Moreover, in our patients, BCLC staging offered two important advantages: better differentiation of early stage HCCs and inclusion in the score of PVT presence. In fact, stage A included four subgroups that were significantly different in terms of survival. The best prognosis was associated with stage A1 cases (mean survival 43.4 months) and this was probably due to the fact that none of the A1 patients had tumours >3 cm, portal hypertension, or elevated bilirubin levels—each of which is known to have a negative influence on survival in both surgical and non-surgical series.30,38,39 Interestingly, both tumour size and bilirubin level were independent predictors of survival, even in our series. In contrast, almost half (53/129) of the CLIP 0 patients had lesions >3 cm, and in 21 cases the tumours were >4 cm. Furthermore, findings indicative of portal hypertension (which is not considered in CLIP staging) were present in 163 (60.8%) patients. Consequently, CLIP stage 0 was associated with a mean survival of only 30.1 months. Other groups have reported considerably better survival values for patients of this type, ranging from 42.5 to 68.7 months.8,10 The difference is probably related to the inclusion in the latter two studies of a number of patients who underwent surgical resection.

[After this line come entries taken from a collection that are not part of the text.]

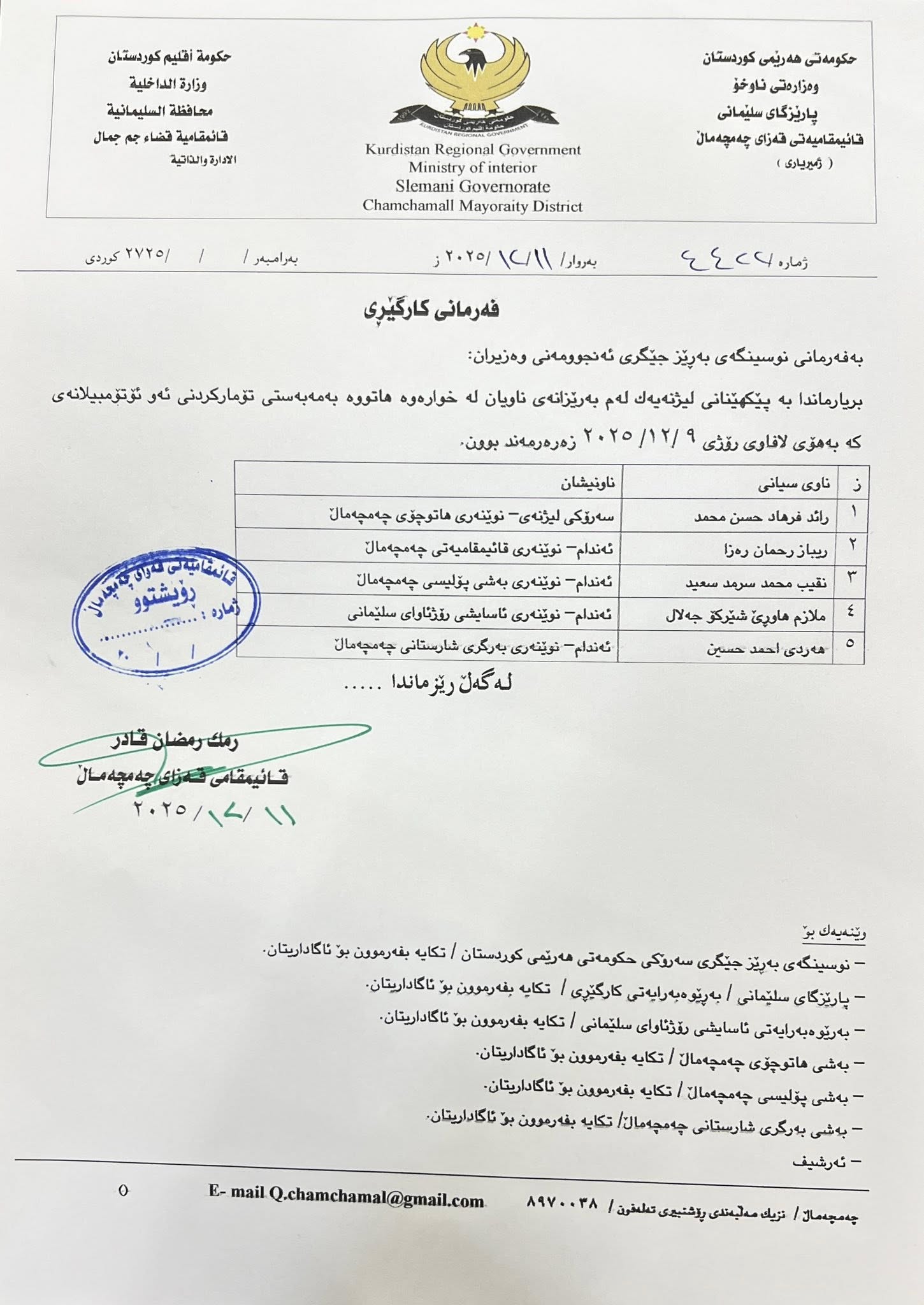 ئهمڕۆ پێنجشهممه 11ی كانوونی یهكهمی 2025 رهمك رهمهزان قائیمقامی چهمچهماڵ به نووسراوی ژماره 4422 و بهفهرمانی نووسینگهی قوباد تاڵهبانی جێگری سهرۆك وهزیران بڕیاری پێكهێنانی لیژنهیهكی دا بهمهبهستی تۆماركردنی ئهو ئۆتۆمبێلانهی كه بههۆی لافاوی رۆژی 2025/12/9 زهرهرمهند بوون.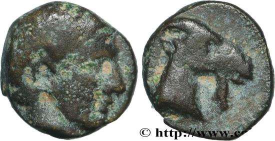 Anépigraphe Tête laurée d’Apollon à droite, les cheveux longs tombant sur la nuque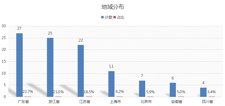 从地域分布看,按照省份划分,广东有27家,占比22.7%;浙江有25家,占比21%;江苏有22家,占比18.5%;上海有11家,占比9.2%;北京有7家,占比5.9%。
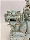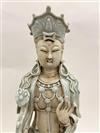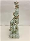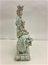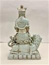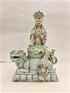 CHINESE CELADON GLAZED PORCELAIN FIGURE MODELED AS GODDESS ASTRIDE MYTHICAL BEAST. - H: 19 in.Estimate $300-400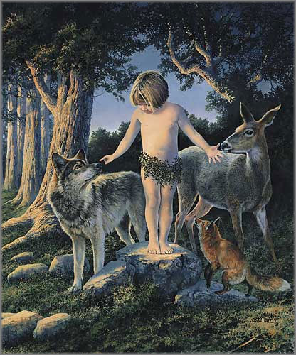 I believe that in all living things there is a common core of understanding - a precious thread that bonds us all together. As adults, we sometimes deny the existence of that understanding, falling prey to our own aggressions (represented here by the wolf), secrecy (the fox) or fear (the deer). Children, on the other hand, feel the strong tug of the tread at their hearts and respond with openness and trust to the world around them. - BM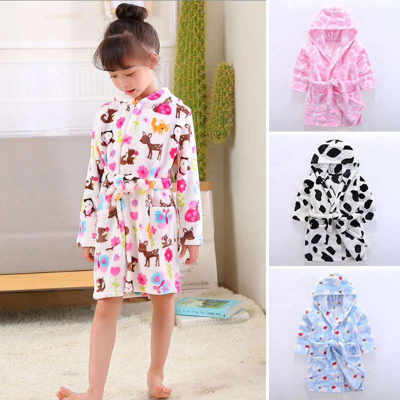 Детские фланелевые банные халаты, ночная рубашка, модная детская пи...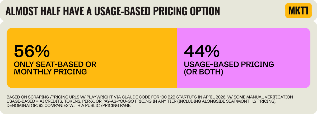 28 companies (34% of companies with a pricing pages) have only usage-based pricing.

The second advantage of BCLC staging is that it reflects the presence or absence of PVT. In our experience, survival in patients with PVT at the time of diagnosis is invariably limited, and this effect is independent of the presence of other prognostically negative factors. In patients with HCC, PVT is generally indicative of neoplastic invasion of the vascular compartment.40 In the present study, eight of the 11 patients with PVT died within eight months after diagnosis. The outcome of the other three cases is unknown as the patients were lost to follow up 3–4 months after diagnosis. BCLC staging classified all 11 of these patients as stage C (mean survival 7.4 months). In contrast, with the CLIP system, seven of the PVT patients were classified as stage 2 or 3, both of which were associated with considerably longer survival (17.7 and 16.8 months, respectively). The remaining four were classified as stage 4.
Several follow up studies have shown that even mild elevations in serum AFP levels predict a worse prognosis, regardless of whether the patient is treated with surgery or PEI.30,41 AFP levels are one of the variables considered in the CLIP system but are not included in the BCLC. In terms of prognostic accuracy, this difference does not appear to be important. In fact, the CLIP definition of an AFP elevation is >400 ng/ml. While this cut off is widely accepted as diagnostic for HCC, only 19/268 (7%) of our patients had levels this high at the time of diagnosis, and eight of these also had PVT, which automatically placed them in BCLC stage C.
In conclusion, in this series of patients with asymptomatic HCCs diagnosed at the early to intermediate phases and treated with non-surgical modalities, both the CLIP and BCLC systems provided more precise estimates of survival than the Okuda system. The BCLC system appeared to be more accurate than the CLIP score in identifying prognostically favourable cases (small tumours <3 cm in patients with well compensated liver function and no portal hypertension) as well as those in whom survival was likely to be limited (due to the presence of macroscopically evident vascular invasion).
Conflict of interest: None declared.